RNG_test using PractRand version 0.93
RNG = RNG_stdin32, seed = 0x6f2e57d4
test set = normal, folding = standard (32 bit)

rng=RNG_stdin32, seed=0x6f2e57d4
length= 128 megabytes (2^27 bytes), time= 4.2 seconds
no anomalies in 117 test result(s)

rng=RNG_stdin32, seed=0x6f2e57d4
length= 256 megabytes (2^28 bytes), time= 9.1 seconds
no anomalies in 124 test result(s)

rng=RNG_stdin32, seed=0x6f2e57d4
length= 512 megabytes (2^29 bytes), time= 17.8 seconds
Test Name Raw Processed Evaluation
BCFN(2+0,13-1,T) R= -6.5 p =1-2.9e-3 unusual
...and 131 test result(s) without anomalies

rng=RNG_stdin32, seed=0x6f2e57d4
length= 1 gigabyte (2^30 bytes), time= 35.7 seconds
no anomalies in 141 test result(s)

rng=RNG_stdin32, seed=0x6f2e57d4
length= 2 gigabytes (2^31 bytes), time= 70.9 seconds
no anomalies in 148 test result(s)

rng=RNG_stdin32, seed=0x6f2e57d4
length= 4 gigabytes (2^32 bytes), time= 140 seconds
no anomalies in 156 test result(s)

In particular, it takes 140 seconds to produce 4 gigabytes of output, or equivalently 2^30 outputs (they’re converted to uint32s before piping into PractRand). However, these 2^30 outputs were subsampled from approximately 15787 times as many Gaussians (because we did the 4-sigma tail threshold), so the GPU is actually generating 121 billion Gaussians per second.

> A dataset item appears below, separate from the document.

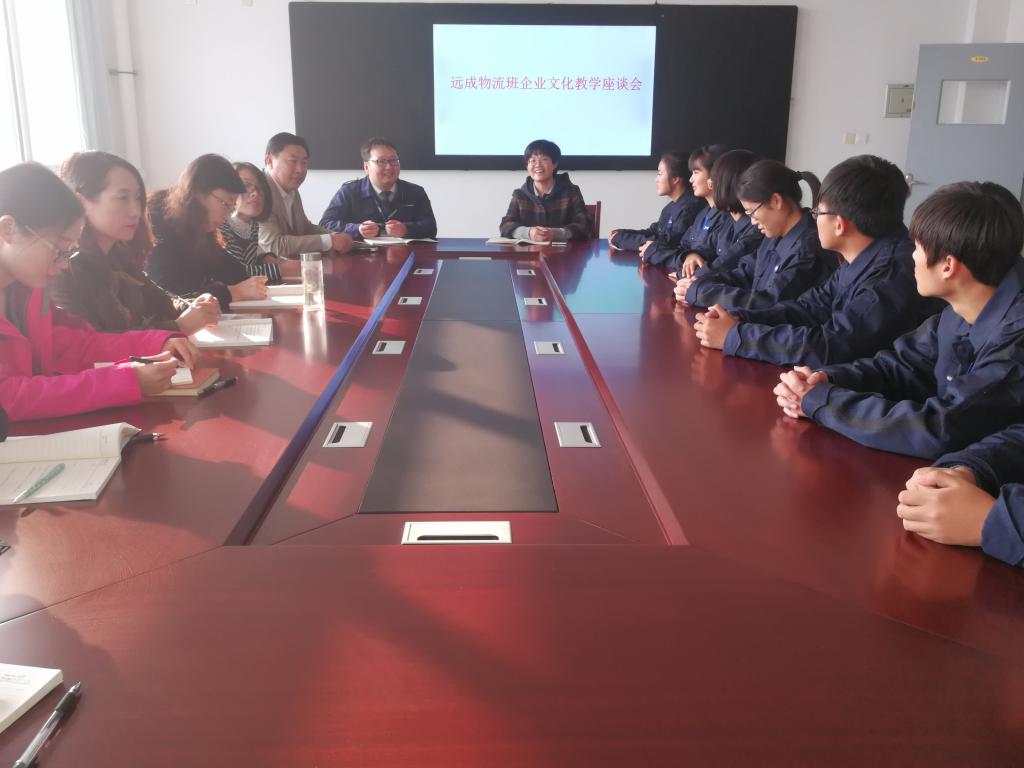 贺小波还与部分物流管理专业的师生进行了座谈交流,就远成物流班开设课程的教学方法、企业项目引入等方面发表了各自的心得和感受,也对员工学情、教学安排、课堂教学、实训环境等方面提出了各自的建议和想法。

121 billion double-precision floats together occupy 968 GB, so it’s producing Gaussian random numbers faster than the Volta can even load/store to global memory (900 GB/s). In other words, it’s faster to run this (in whatever Monte Carlo simulation kernel is consuming the random Gaussians) than it is to load precomputed random Gaussians from the GPU’s global memory.

The GPU is running at full utilisation and PractRand is only showing a long-term average of 37% CPU usage, so (thanks to the tail thresholding) we’re no longer limited by the speed of PractRand. Let’s check up on the PractRand results:

rng=RNG_stdin32, seed=0x6f2e57d4
length= 8 gigabytes (2^33 bytes), time= 281 seconds
no anomalies in 165 test result(s)

rng=RNG_stdin32, seed=0x6f2e57d4
length= 16 gigabytes (2^34 bytes), time= 562 seconds
no anomalies in 172 test result(s)

rng=RNG_stdin32, seed=0x6f2e57d4
length= 32 gigabytes (2^35 bytes), time= 1116 seconds
no anomalies in 180 test result(s)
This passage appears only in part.